§ ABOUT THIS EXERCISE:
Retype all of the data word for word, without pictures.

§ COLLECTED MATERIAL:
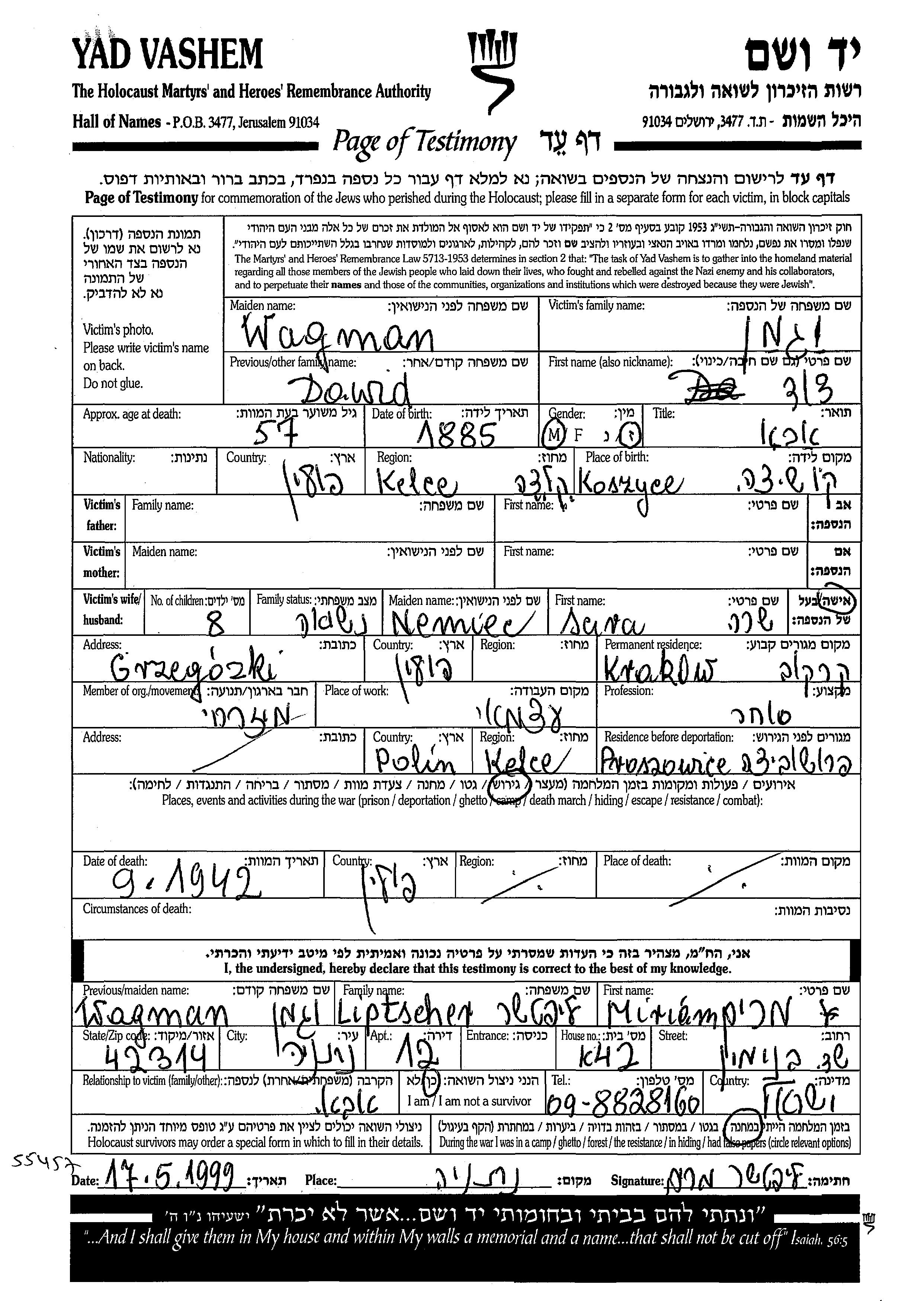 Wagman Dawid 1885 Krakow, Pologne Feuille de témoignage
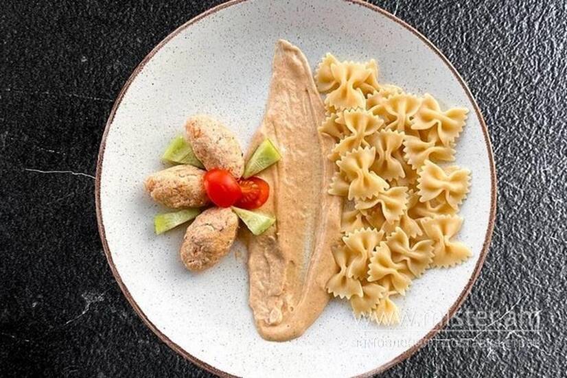 Дитячі макарони з котлетками на пару у вершковому соусі
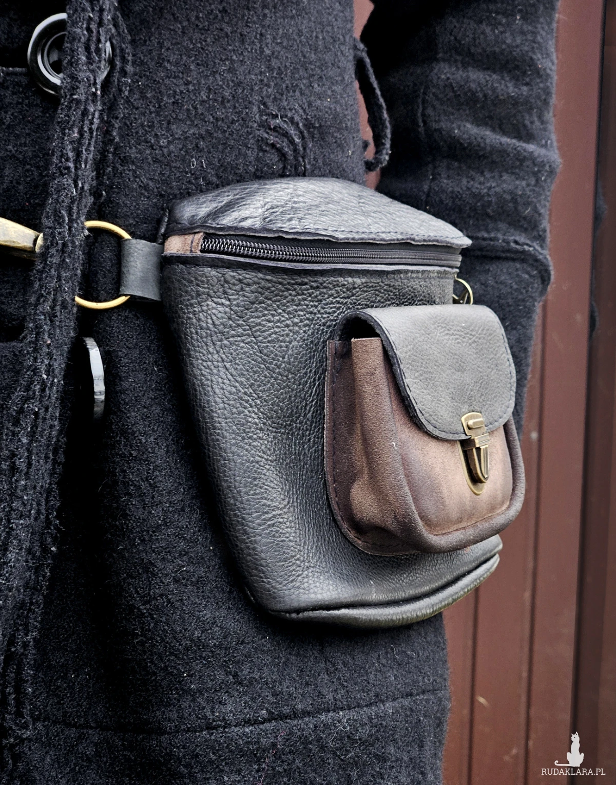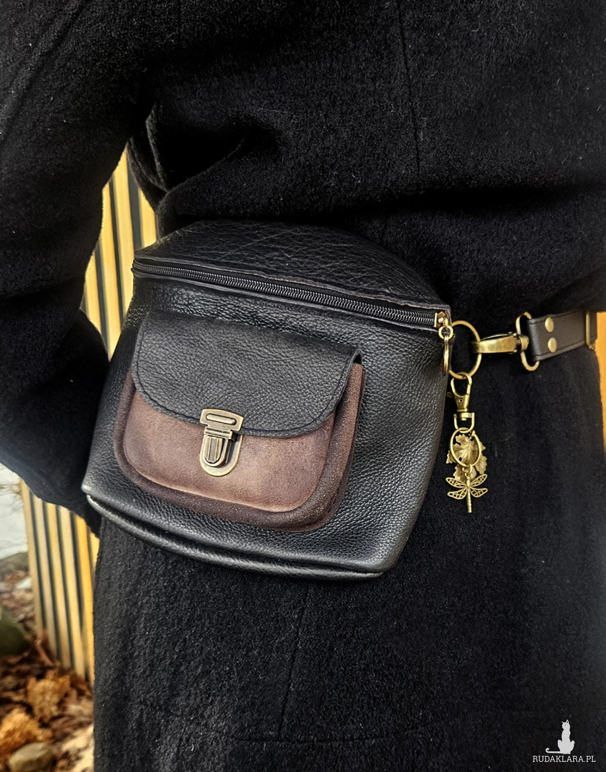 Fajna, miękka torebeczka na pas uszyta z czarnych i brązowych skór naturalnych o różnych odcieniach i fakturach. Brązowy zamsz, z którego uszyta jest przednia kieszeń jest postarzany na krawędziach. Niewielka ale pojemna, pomieści telefon, portfel, chusteczki i najpotrzebniejsze kosmetyki. Z tyłu kieszeń na zamek, wewnątrz przegródka. Sprzedawana w komplecie z regulowanym paskiem zapinanym na karabińczyki. Można ją nosić również na ramieniu. Wymiary: 21/17cm.
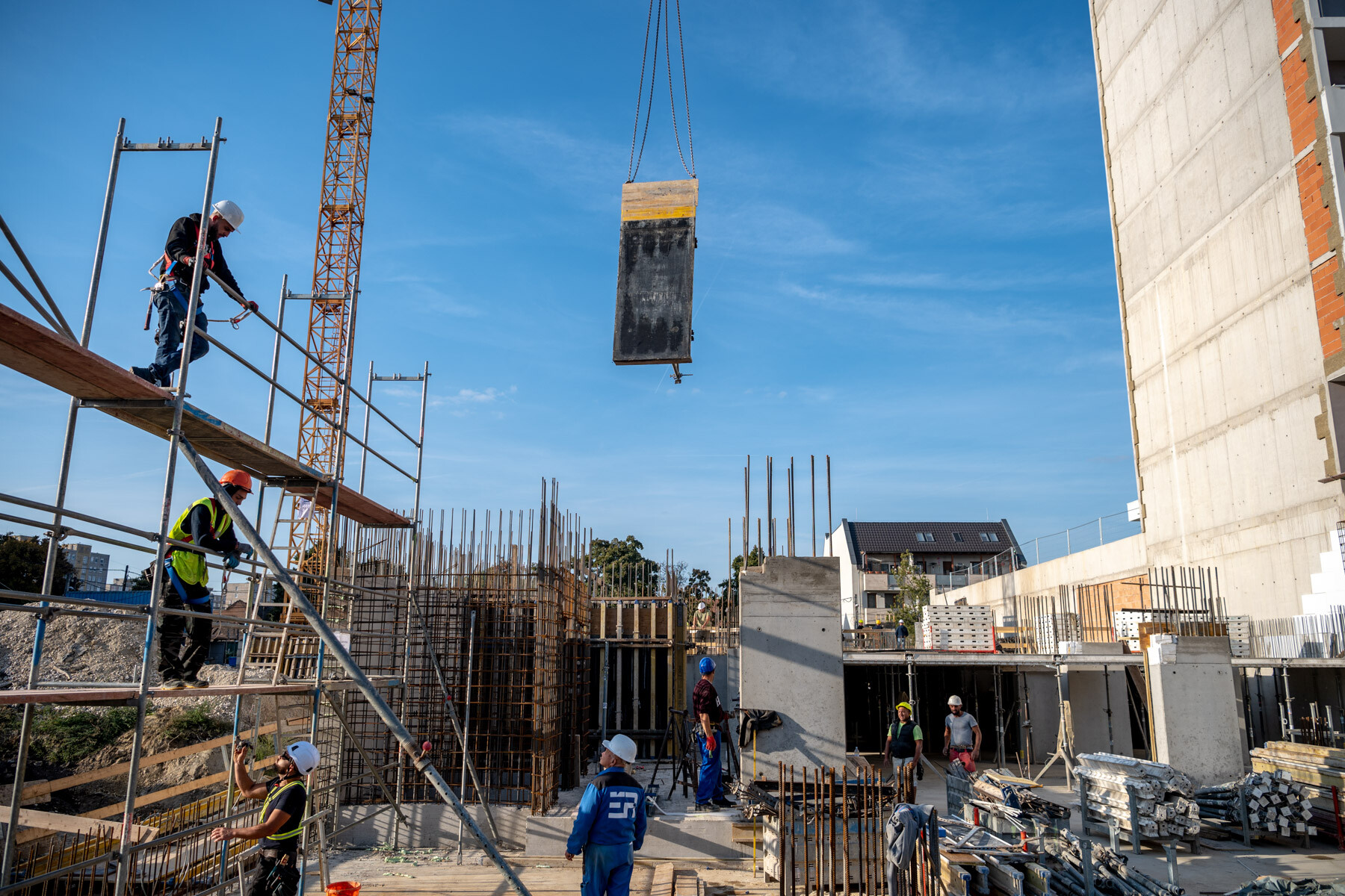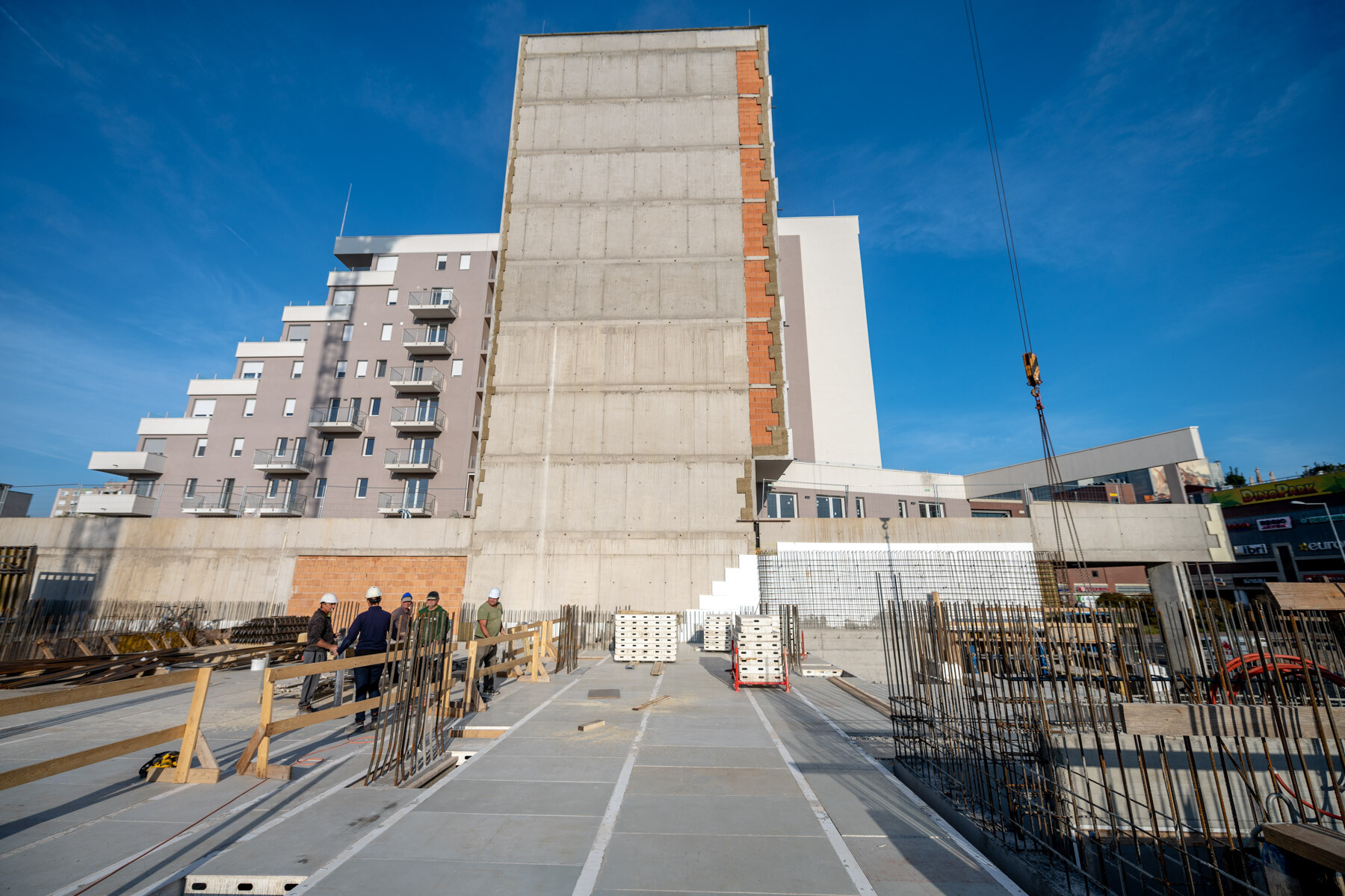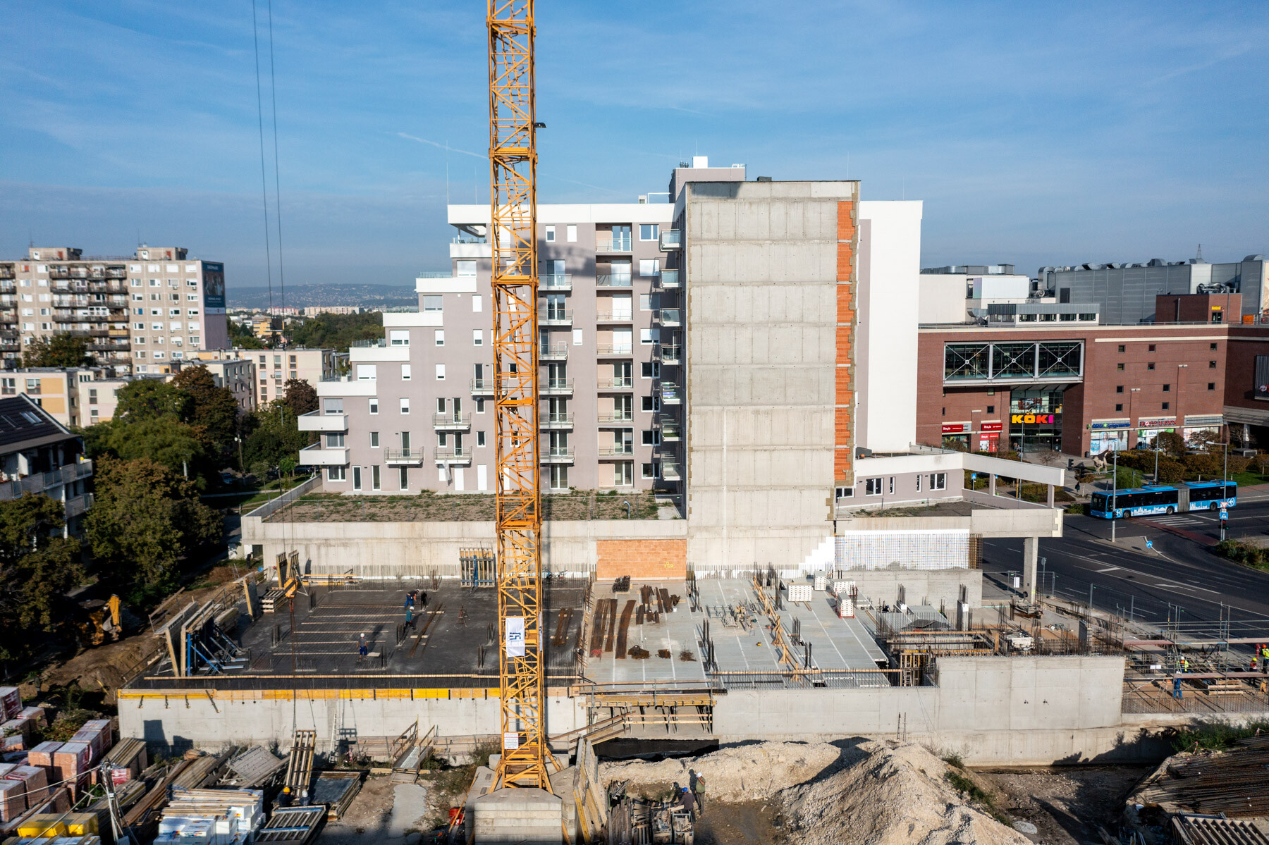 „Nagyobb nehézséget talán csak a földmunka során, nyíltvíztartással végzett víztelenítés jelentett a cölöpfejek és az alaplemez, valamint a liftakna süllyeszték kivitelezésének időszakában” – mesélte Szász Bálint, az ÉPI szerkezetépítő divíziójának igazgatója kiemelve: a földszint nagy belmagasságú része, valamint a felmenő szerkezetben az erkélyek számára gyártatott egyedi hőhídmegszakító elemek jelentenek kuriózumot az ütemterv szerint haladó építésben.

§ OUTPUT:
 Wagman Dawid 1885 Krakow, Pologne Feuille de témoignage
 Дитячі макарони з котлетками на пару у вершковому соусі
 Fajna, miękka torebeczka na pas uszyta z czarnych i brązowych skór naturalnych o różnych odcieniach i fakturach. Brązowy zamsz, z którego uszyta jest przednia kieszeń jest postarzany na krawędziach. Niewielka ale pojemna, pomieści telefon, portfel, chusteczki i najpotrzebniejsze kosmetyki. Z tyłu kieszeń na zamek, wewnątrz przegródka. Sprzedawana w komplecie z regulowanym paskiem zapinanym na karabińczyki. Można ją nosić również na ramieniu. Wymiary: 21/17cm.
 „Nagyobb nehézséget talán csak a földmunka során, nyíltvíztartással végzett víztelenítés jelentett a cölöpfejek és az alaplemez, valamint a liftakna süllyeszték kivitelezésének időszakában” – mesélte Szász Bálint, az ÉPI szerkezetépítő divíziójának igazgatója kiemelve: a földszint nagy belmagasságú része, valamint a felmenő szerkezetben az erkélyek számára gyártatott egyedi hőhídmegszakító elemek jelentenek kuriózumot az ütemterv szerint haladó építésben.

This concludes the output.